I took a deep breath and inhaled the breeze: shellfish and seaweed and mud. It smelled like low tide when I was a kid and my parents would take me out to Mystic, Connecticut, for the day. Littleneck clams and rock crab and seaweed. The wind blowing, and me, fighting against the flapping paper nest that held my fries in the plastic basket. My father smiling at my mother with soft eyes, and then leaning in to kiss her. My mother kissing back. And me, finally retrieving a fry, and thinking it was the best fry in the world.

The things we remember.

To the west, Puget Sound sprawled out between us and the trees and wilderness of the Kitsap Peninsula and the curtain of mountains beyond that, rising blue into their jagged peaks.

First objective completed, my father said.

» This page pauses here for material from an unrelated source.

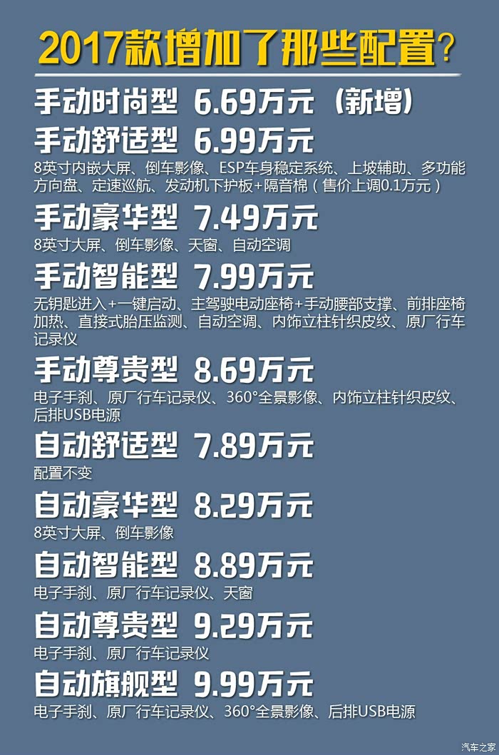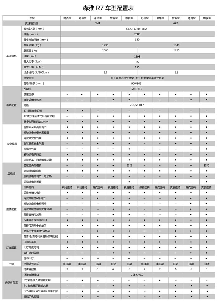 作为年度改款车型,2017款森雅R7把主要精力放在了提升配置上,造型设计和机械规格则没有发生变化。期待已久的1.5T车型并未同期推出,预计到9月份才能与人们见面。不过,仅增配这项动作就足以带来不小的新意,尤其是手动挡车型。

Locate and identify Riddell House.

My relationship with my father at that point in my life wasn’t horrible, but it was pretty superficial. It was based on things that weren’t, rather than things that were. We didn’t simply go to the store or clean the gutters; we executed missions. We used code words. We went into stealth mode, or did something commando-style. His big line was we’re in the acquisition and development phase. Like we had to create an artifice around everything. An ironic layer. We wrapped a protective coating of self-consciousness around the things we did, and, as a result, sincerity was almost entirely lacking. We were going to buy eggs at the store. But not really. We were embarking on Project Ovum, which entailed executing a series of missions that concerned national security. When I was little, I thought it was cool; I didn’t think it was cool when I was verging on fourteen. Because I began to realize it wasn’t a kid’s game for my father; it was how he lived his life.

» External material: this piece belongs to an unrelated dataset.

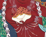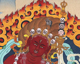 The deity known as Dorje Phagmo or Vajravarahi is a fierce representation of the goddess Vajrayogini. She is known for her transformative abilities, wisdom, and protective powers. In this artwork, she is portrayed with a red body, wearing a crown made of five skulls on her head and a necklace of severed heads around her neck. She is often depicted standing, holding a curved knife and skull cup in each hand. For the Vajrayana practitioners, this Vajravarahi thangka print will be helpful to inspire your practice.
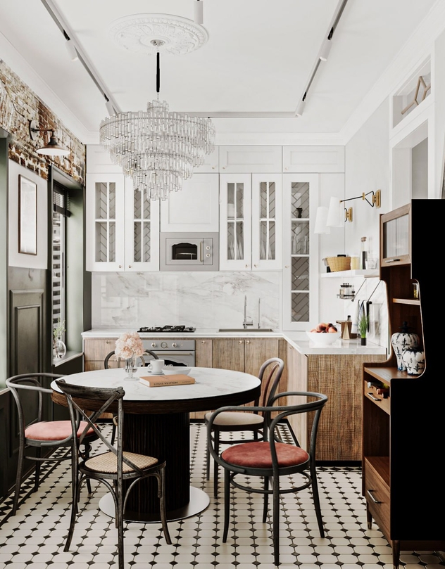 Ретро-квартира с историей. На кухне мы сделали верхние фасады со стеклом и перемычками, а в процессе обсуждения сформировали общую концепцию. Особую атмосферу создали детали: плитка с рисунком питерских парадных, семейные венские стулья и буфет с Удельного рынка. Люстру нашли на Авито.

I stretched and rolled my head around on my shoulders. It felt good to be out of the car and in the hot sun. I watched the breeze sweep across the meadow and bend the long grasses toward me with an invisible hand. The breeze reached me, swirled around, and cooled my neck.

I don’t get it, I said. It looks fine to me. Why are we tearing it down?

My father looked at me for a moment.

It’s rotten was all he said, and he motioned for me to return to the car.

We drove the final stretch of gravel drive that sliced across the field like a gray scar; when the car stopped, a cloud of dust swallowed us whole for a moment. When it cleared, we got out to examine the monolithic house, which, from up close, soared into the sky and blotted out all else. The heft of it was powerful; the trees that made up its walls were immense. Maybe it was the long flight and the long drive; maybe it was feeling like I was on solid ground for the first time after our journey—but I felt almost overcome with emotion. I didn’t cry, but I had that pre-crying feeling, and I wondered at it. I wondered why I felt something so visceral. I felt somehow inspired.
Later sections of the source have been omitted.